SoFunction
Updated on 2024-12-17

Easy way to read and write binary files with Python (recommended)

General feeling.python itself does not have binary support, but provides a module to compensate, the struct module.

python doesn't have a binary type, but it can store binary types, that is, it uses the string string type to store binary data, and that's okay, because string is in units of 1 byte.

import struct

a=12.34

# Turn a into binary

bytes=('i',a)

At this point bytes is a string string, string by byte with a binary storage content of the same.

And then the reverse operation

Existing binary data bytes, (which is actually a string), invert it to a python data type:

a,=('i',bytes)

Note that unpack returns the tuple

So if there is only one variable:

bytes=('i',a)

Then the decoding needs to look like this

a,=('i',bytes) or (a,)=('i',bytes)

If you use a=('i',bytes) directly, then a=(12.34,), is a tuple instead of the original floating point number.

If it's made up of more than one piece of data, it can look like this:

a='hello'

b='world!'

c=2

d=45.123

bytes=('5s6sif',a,b,c,d)

At this point, bytes is binary data that can be written directly to a file such as (bytes)

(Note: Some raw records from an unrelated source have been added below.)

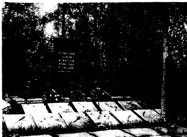
Братская могила, где похоронена мама. с. Кобана, Советским войскам и жителям Ленинграда погибшим в 1941-1944гг. Фото 1983г.

Ко мне подошла медсестра и спросила: «Есть ли у меня вещи?». Я сказала, что они на улице. Она послала меня до них и сказала, чтобы я их не оставляла, а то и здесь умрешь от голода. Я пошла. Вещи были целы, а когда вернулась, мамы на койке не было, её уже убрали. Мама похоронена в братской могиле с. Кобона.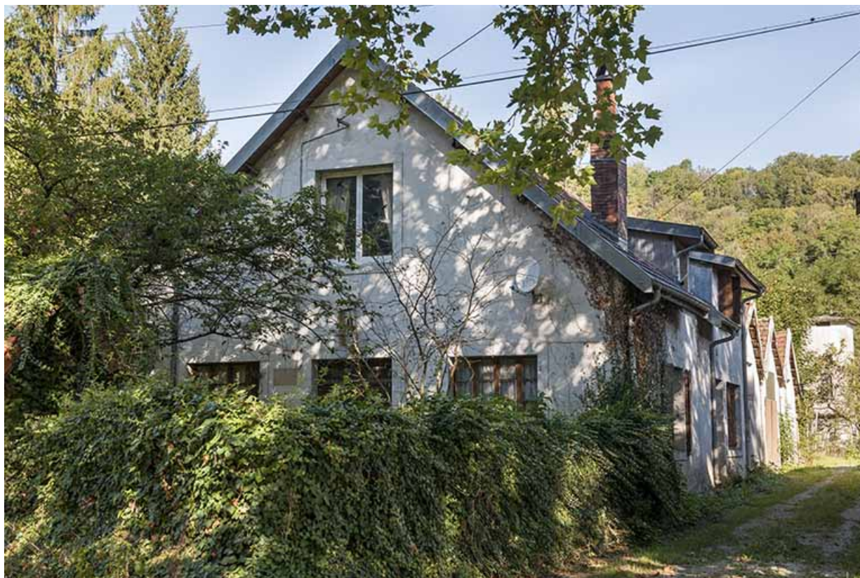
Bureau et magasin industriel. Vue depuis la route.

25, Ougney-Douvot RD 277, lieudit : Douvot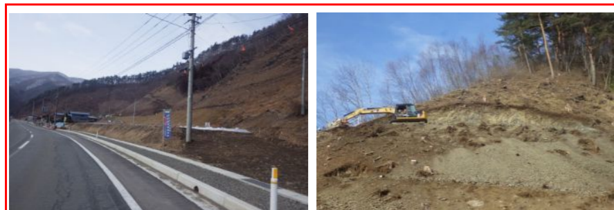
国道106号から見える急傾斜な岩盤の切土に着手しました。これから法面を安全に保つための特殊な法面工を施工します。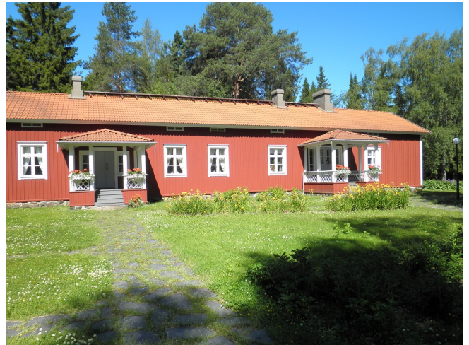
Mutalan kartano Raahessa. Se toimii nykyisin Rautaruukin edustustilana.

Tutkimusmatkallani isovanhempieni sukujen maailmaan olen siirtynyt isäni vanhempien kotiseuduille. Kun äidin vanhemmat veivät minut Sveitsiin, Latviaan, Venäjälle ja Ruotsiin, olen isäni vanhempien matkassa tutustunut kotimaahani. Hämeen maisemat tunsin toki ennestään, mutta pohjoinen Pohjanmaa ja li olivat minulle aivan uusi kokemus. Ajelin ystäväni kanssa ensin etelä-pohjanmaalle Nurmoon, jossa hänellä on kesäkoti. Sieltä lähdimme seuraavana aamuna nousemaan kohti Iitä. Ensin kävimme kääntymässä Raahessa, Mutalan kartanon pihalla, ja sieltä jatkoimme Oulun kautta Iihin ja Yli-Iihin, josta isäni äidin, isoäidin, suku on lähtöisin. Kun löysin isoäidin isoisän rakentaman Kauppilan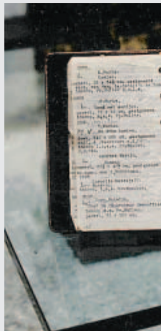
OPPSPORINGENS KUNST. Jakten på et forsvunnet kunstverk begynner gjerne med et kornete fotografi av maleriet på veggen bak en gammel bestemor. Eller med en salgskatalog, som denne fra galleriet til Jacques Goudstikker.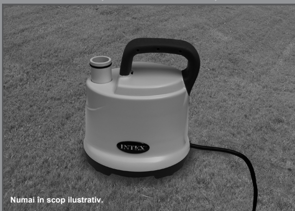
Numai în scop ilustrativ.

Nu uitați să încercați și aceste produse de calitate, marca Intex: piscine, accesorii pentru piscină, piscine gonflabile și jucării folosite în spații închise, saltele pneumatice și bărci, disponibile la distribuitori sau pe site-ul nostru.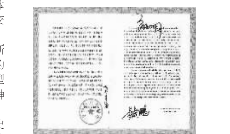
航天英雄亲笔签名的出品证书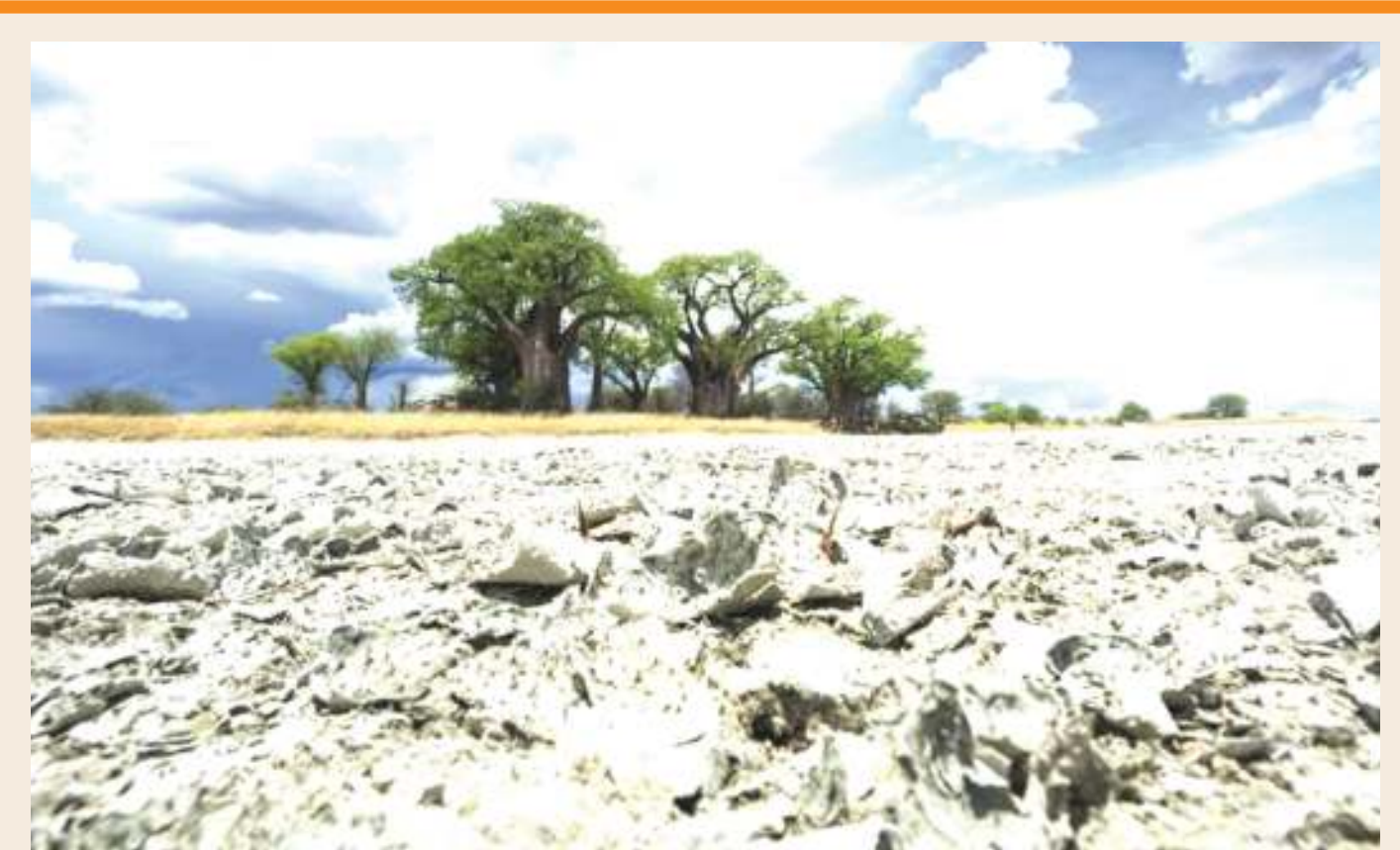
Kusini mwa Mto Zambezi, Botswana ambako maji yamekauka na kumejaa chumvi, kunatajwa ndiko binadamu wanakotokea.

Macha: “Endapo mfumo utasumbua, hakikisheni mnao taarifa kwa Ofisa Tehama wa Halmashauri,

Then we can read it out again when we need it, bytes=()

and then decoded into python variables by ()

a,b,c,d=('5s6sif',bytes)

'5s6sif' this is called fmt, is the formatting string, by the number plus character composition, 5s that account for 5 characters of the string, 2i, that 2 integers and so on, the following is the available characters and types, ctype that can be one-to-one correspondence with the type in python.

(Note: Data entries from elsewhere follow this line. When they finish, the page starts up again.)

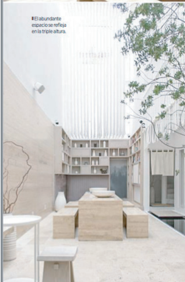
El abundante espacio se refleja en la triple altura.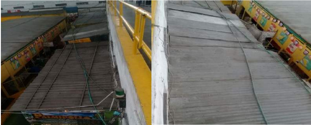
Jornada de aseo de las tejas de los módulos, plaza de mercado central.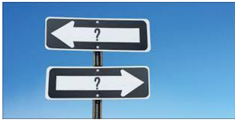
Мал. 1. “Stay or go...”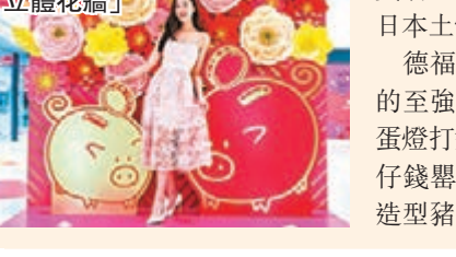
佛羅倫斯小鎮「錦繡紙藝立體花牆」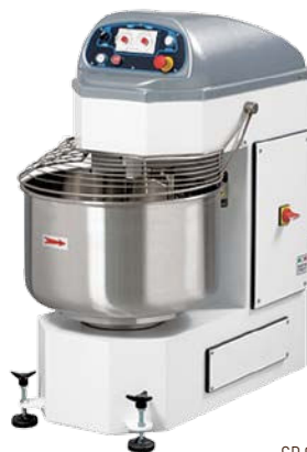
SP 60 ONE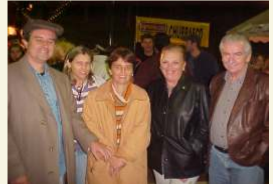
A elegância marcou presença durante a festa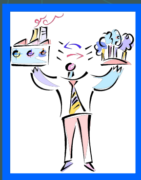
Ответственность перед обществом и людьми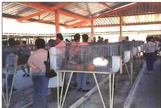
Exposición de conejos en la Feria Agropecuaria.

Durante los días 17 al 25 de Febrero se celebró en La Habana la Feria Internacional Agropecuaria Ha-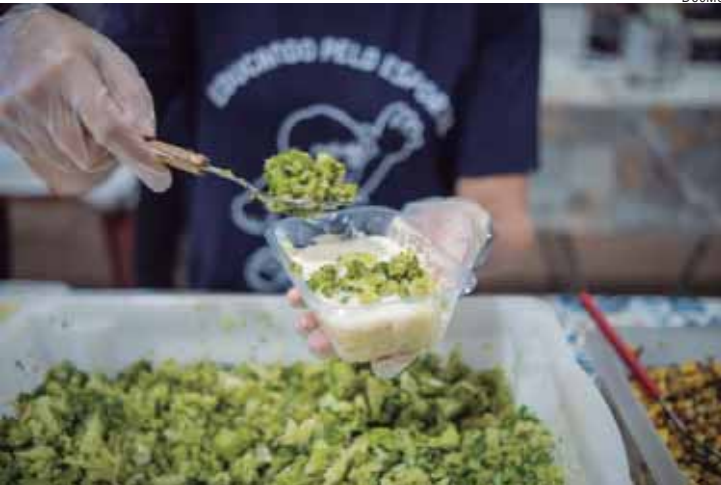
Festa da Batata acontece no Engenho com shows, gastronomia e ação solidária

UMA FESTA QUE GERA IMPACTO SOCIAL – Realizada pelo Instituto Educando pelo Esporte, a Festa da Batata mantém sua essência solidária. A arrecadação do evento contribui para o atendimento de centenas de crianças e adolescentes, oferecendo acesso à prática esportiva em diversas modalidades, além de atividades de música, tecnologia e cultura, como teatro, biblioteca, brinquedoteca e artes manuais. [A entrada e o estacionamento são gratuitos. O público pode colaborar com a ação solidária doando 1 kg de alimento não perecível.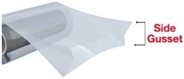
Gusseted Bag or Tubing

الغسيت هو قطعة من مادة قوية تتصلب عند التجميد وتستخدم لتقوية الحواف والركائز في الأكياس والأنابيب. يتم تصنيعه من مواد مثل البولي إيثيلين أو البولي بروبيلين. الغسيت يوزن عادةً بـ 100 جرام لكل متر مربع. يتم استخدامه في صناعة الأكياس والأنابيب التي تحتاج إلى تقوية إضافية.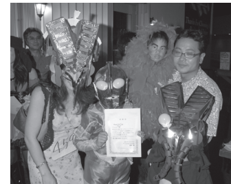
アリカヨスファミリー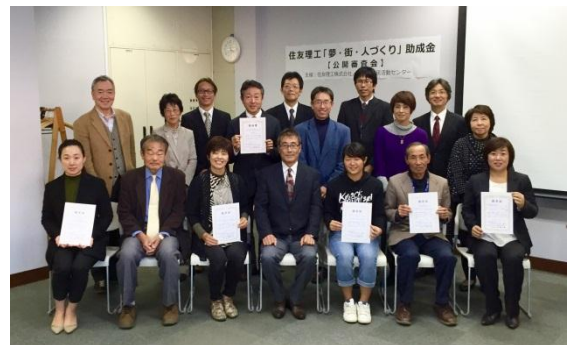
2015年度助成金交付団体の皆様

このプログラムは、松阪市民活動センターと協働で2014年にスタート、今回で3回目を迎えます。当社と松阪市民活動センターが、「ダイバーシティ」「青少年の育成」「まちづくり」「市民活動」「自然環境との共生」の5分野において、特に社会へ貢献していると審査した活動へ助成金を支給するものです。

Format C Type Python byte count
x pad byte no value 1
c char string of length 1 1
b signed char integer 1
B unsigned char integer 1
? _Bool bool 1
h short integer 2
H unsigned short integer 2
i int integer 4
I unsigned int integer or long 4
l long integer 4
L unsigned long long 4
q long long long 8
Q unsigned long long long 8
f float float 4
d double float 8
s char[] string 1
p char[] string 1
P void * long

The last one can be used to represent pointer types and takes up 4 bytes

In order to exchange data with structures in c, it is also important to consider that some c or c++ compilers use byte alignment, usually on 32-bit systems in units of 4 bytes, so they also provide a

Character Byte order Size and alignment
@ native Native. Make it four bytes.
= native standard Byte count
< little-endian standard Byte count
> big-endian standard Byte count
! network (= big-endian) standard Byte count

Usage is placed in the first position of the fmt, like '@5s6sif'

----- Problems encountered when processing binary files -----

We use the following methods when dealing with binary files

binfile=open(filepath,'rb') read binary file

maybe

binfile=open(filepath,'wb') write binary file

So how exactly is the result different from binfile=open(filepath,'r')?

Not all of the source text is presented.